Ground Control

Discussion in 'General Electronics Chat' started by anne, May 8, 2008.

  1. anne

    Thread Starter Active Member

    Apr 20, 2008
    39
    0
    Another power supply question. I'm building onto an existing 240vac machine. I'm getting 120vac from one of the hot legs of the three leads (it uses a three pronged plug) and the ground lead. That gives me a hot and a ground. One of the power supplies I'm using utilizes a three prong plug. I put one hot leg 120 on one prong, the ground/neutral on the other. What do I attach the power supplys dedicated ground lead to?

    I imagine the ground from the three prong plug should be connected to the chassis ground of my project. Any other ground points of components will be likewise attached to chassis ground. So if the ground/neutral coming in from the 240 lines is going to be used for neutral whereever 120v needs it does it likewise get connected to chassis ground or left as a 'floating' neutral? Grounding (obviously) has always been a source of some confusion for me.

    I was told by a friend (a working electrician) that I can attach the 120v and ground from the 240v service to either of the leads on the power supply and then connect the neutral one to the chassis. In this case I'm simply bridging the dedicated ground on the power supply with the neutral coming in from the power source. Since I'm looking at AC it shouldn't matter he says. I really don't get it. There is no continuity right now (naturally) between either of the power prongs and the ground prong on the power supply. Why bridge them at all? But if not, then how do I ground the chassis of my project? Inside the 240vac machine (a welder) the ground/green wire coming in from the service outlet is attached directly to chassis. I hope this isn't too unclear. Sorry for that.

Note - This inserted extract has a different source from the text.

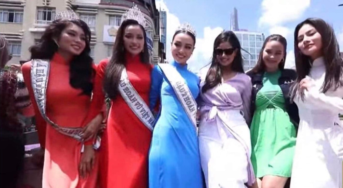 Ngày đầu đảm nhiệm vị trí tân Hoa hậu Hoàn vũ Việt Nam, Ngọc Châu "đốt cháy" trời hè khi diện tà áo dài đỏ rực rỡ trong chuyến city tour ngày 26/6.

    The reason for using borrowing off of the 240 inside the welder is because I need this 'project' to use the main power switch on the welder. It's only a couple of amps draw so it's no problem with the switch or breakers. It needs to power up/down along with the welder.
     
    Last edited: May 8, 2008
  2. SgtWookie

    Expert

    Jul 17, 2007
    22,182
    1,728
    Yeow! :eek:
    Your 240v machine has L1, L2, and GROUND coming into it. This is GROUND, not NEUTRAL.
    There is a difference!
    Ground is there to protect the users of the device from lethal shocks.
    Neutral is there for power.
    If you only have a three-prong plug, you must use a transformer with a primary of 240v, and go between L1 and L2. Otherwise, you will be putting current through the ground wire, and there will be voltage on the chassis.
    Your other choice would be to install a 4-prong outlet, and replace the power cord with a 4-prong cord. This will be quite a bit more expensive than just getting the correct transformer.

    In a residential electrical system, there is L1, L2 (the two ends of the power company transformer) and the NEUTRAL line (the power company transformer center tap.) There is also a GROUND line, which is earth ground. Somewhere near your meter or breaker panel is an 8' long copper-clad rod that was pounded into the ground, and has a big copper wire attached to it. It goes to the GROUND buss in the breaker panel.
    There is also a NEUTRAL buss in the breaker panel.
    These two busses are connected inside the breaker panel, and this is the ONLY place that ground and neutral should be connected. This is for safety, as otherwise the output from the power company's transformer might "float" to several thousand volts, which would obviously be very dangerous.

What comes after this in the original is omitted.